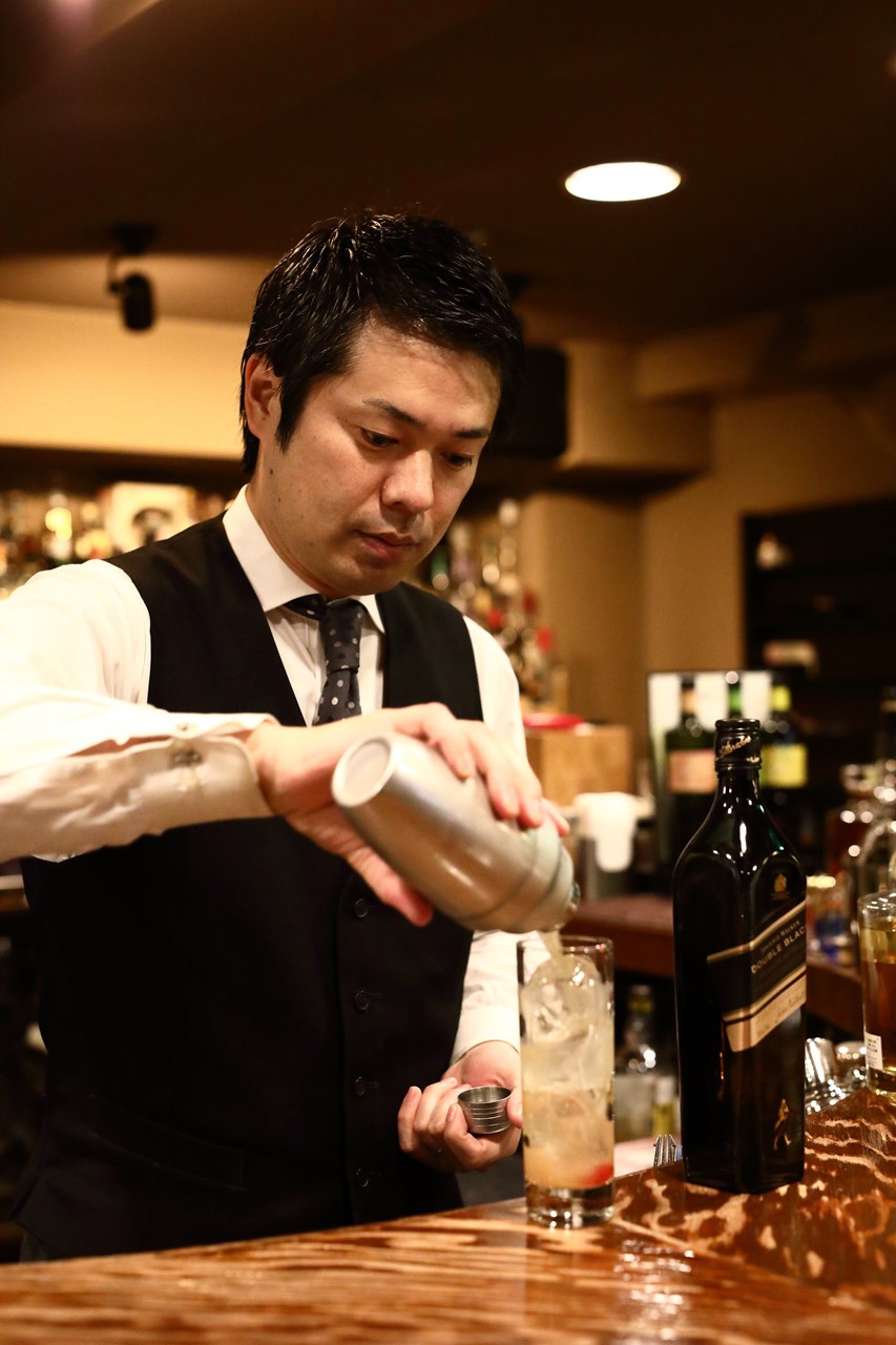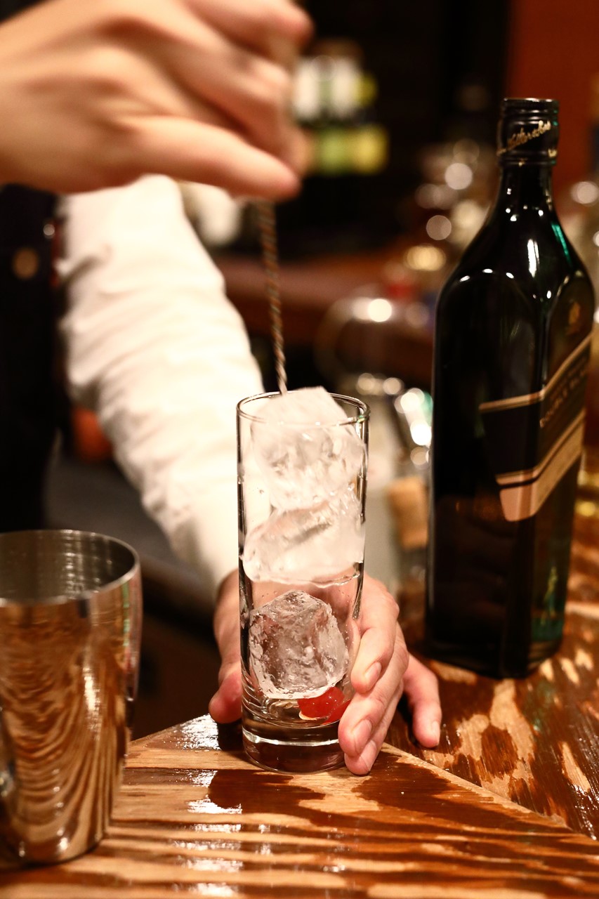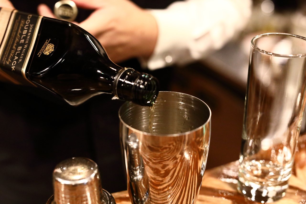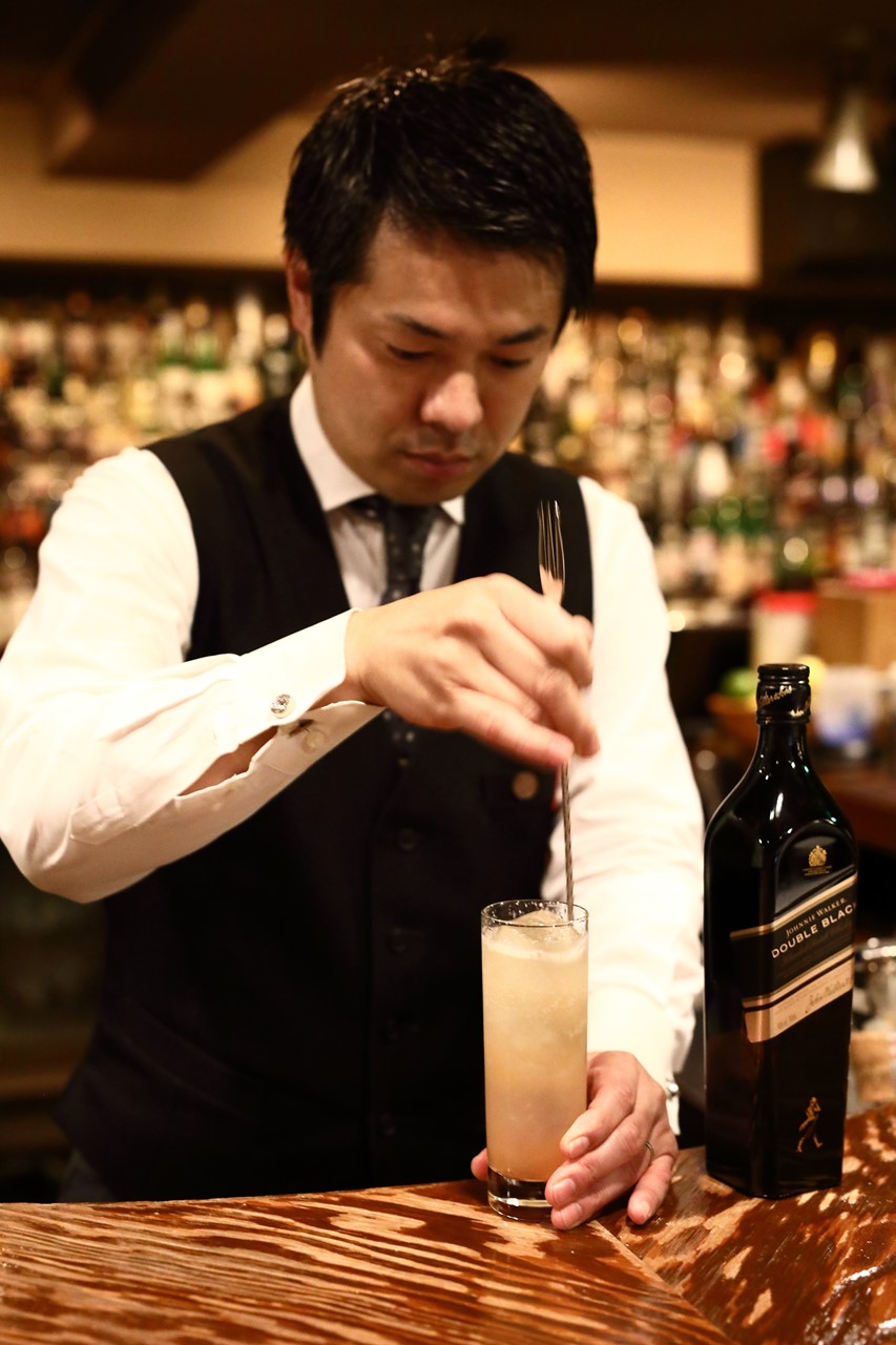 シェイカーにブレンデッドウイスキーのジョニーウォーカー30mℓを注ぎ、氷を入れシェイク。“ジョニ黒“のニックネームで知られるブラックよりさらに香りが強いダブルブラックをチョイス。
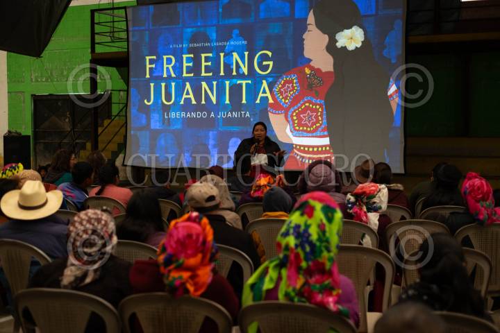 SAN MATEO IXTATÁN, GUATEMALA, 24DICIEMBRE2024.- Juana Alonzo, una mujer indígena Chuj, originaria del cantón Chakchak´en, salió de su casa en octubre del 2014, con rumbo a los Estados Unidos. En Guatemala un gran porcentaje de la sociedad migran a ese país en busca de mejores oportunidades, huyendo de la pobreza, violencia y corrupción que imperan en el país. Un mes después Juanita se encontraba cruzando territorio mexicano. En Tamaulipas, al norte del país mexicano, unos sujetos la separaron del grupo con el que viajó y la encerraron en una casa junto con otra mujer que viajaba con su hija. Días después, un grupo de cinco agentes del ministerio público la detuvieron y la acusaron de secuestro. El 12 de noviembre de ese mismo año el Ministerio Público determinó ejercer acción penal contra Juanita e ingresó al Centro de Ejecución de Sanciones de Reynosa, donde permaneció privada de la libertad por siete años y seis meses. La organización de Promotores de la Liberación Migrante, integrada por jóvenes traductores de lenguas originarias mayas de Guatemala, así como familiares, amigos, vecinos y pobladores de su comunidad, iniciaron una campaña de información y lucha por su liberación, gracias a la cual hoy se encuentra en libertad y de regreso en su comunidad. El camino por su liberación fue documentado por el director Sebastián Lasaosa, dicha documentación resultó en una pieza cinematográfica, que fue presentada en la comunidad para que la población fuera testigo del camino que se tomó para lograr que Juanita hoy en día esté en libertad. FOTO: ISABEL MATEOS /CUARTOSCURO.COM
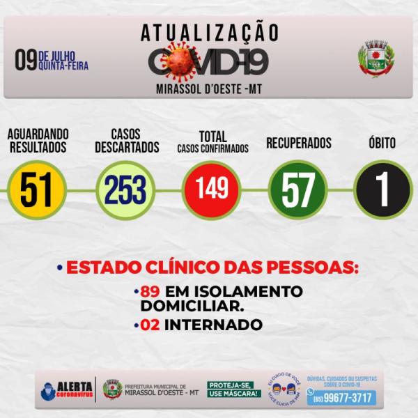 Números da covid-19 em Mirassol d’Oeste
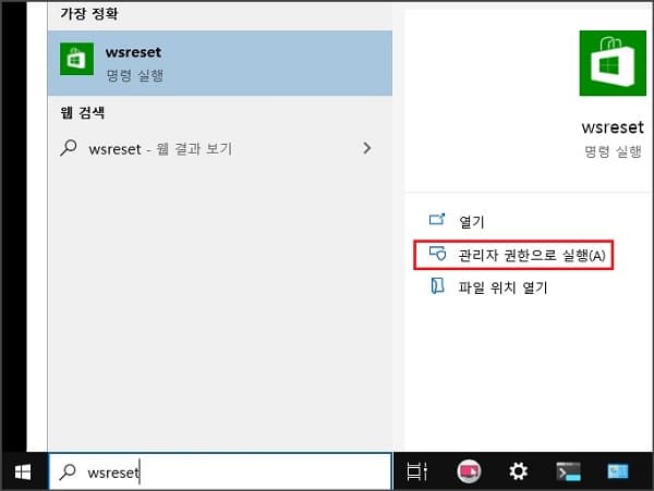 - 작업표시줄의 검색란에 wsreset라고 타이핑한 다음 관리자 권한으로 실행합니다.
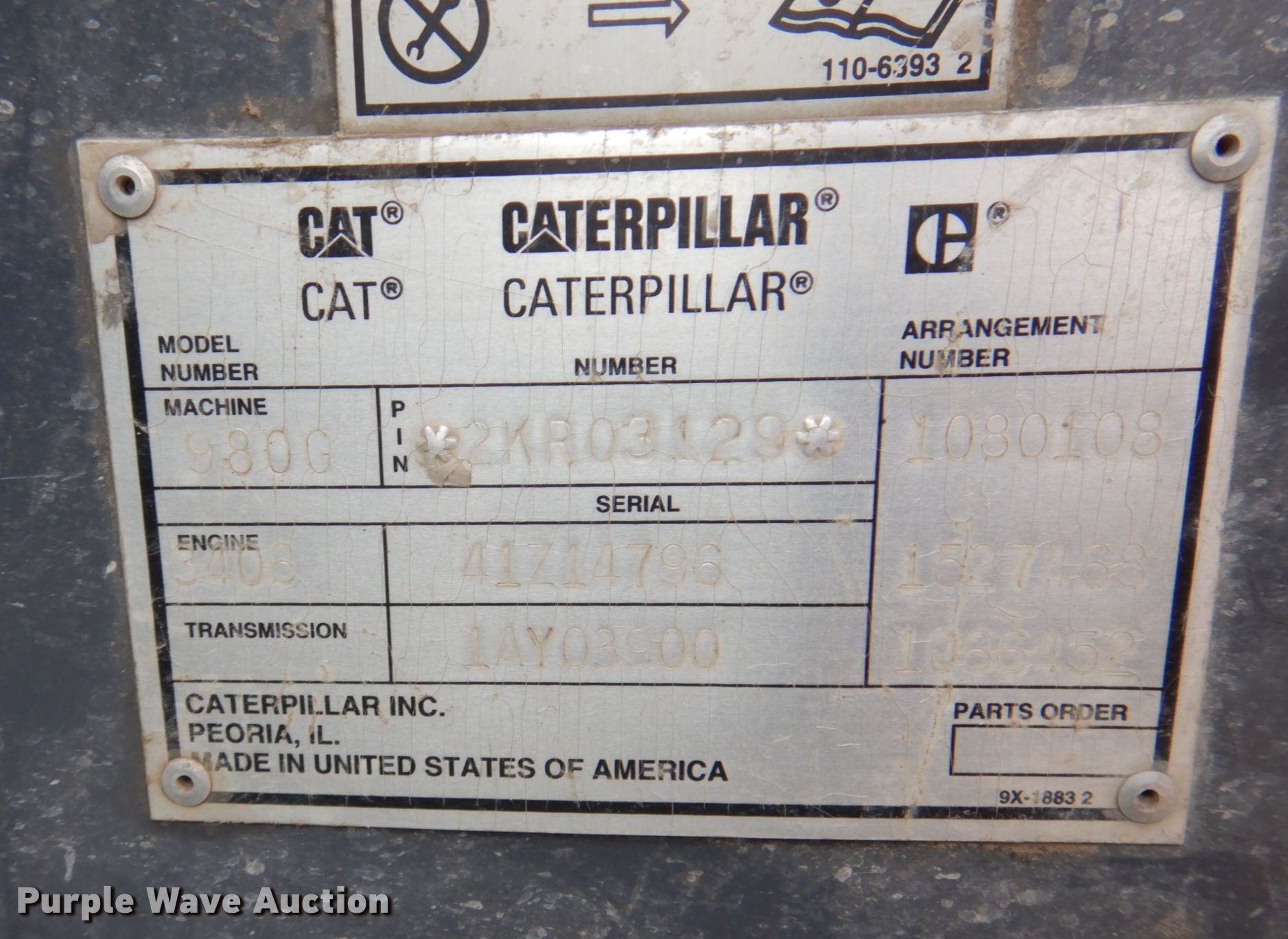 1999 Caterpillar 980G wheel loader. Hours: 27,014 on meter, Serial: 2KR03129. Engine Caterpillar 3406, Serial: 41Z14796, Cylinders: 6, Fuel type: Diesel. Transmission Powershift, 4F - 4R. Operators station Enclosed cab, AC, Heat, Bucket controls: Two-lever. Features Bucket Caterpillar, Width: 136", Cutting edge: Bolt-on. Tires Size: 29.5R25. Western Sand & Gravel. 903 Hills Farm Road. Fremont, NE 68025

***

• _What you will do_
Above are some entries. Restate word for word the lines from the one holding "Números da covid-19 em Mirassol d’Oeste" through the one holding "- 작업표시줄의 검색란에", but not the pictures.

• _Result for this exercise_
 Números da covid-19 em Mirassol d’Oeste
 - 작업표시줄의 검색란에 wsreset라고 타이핑한 다음 관리자 권한으로 실행합니다.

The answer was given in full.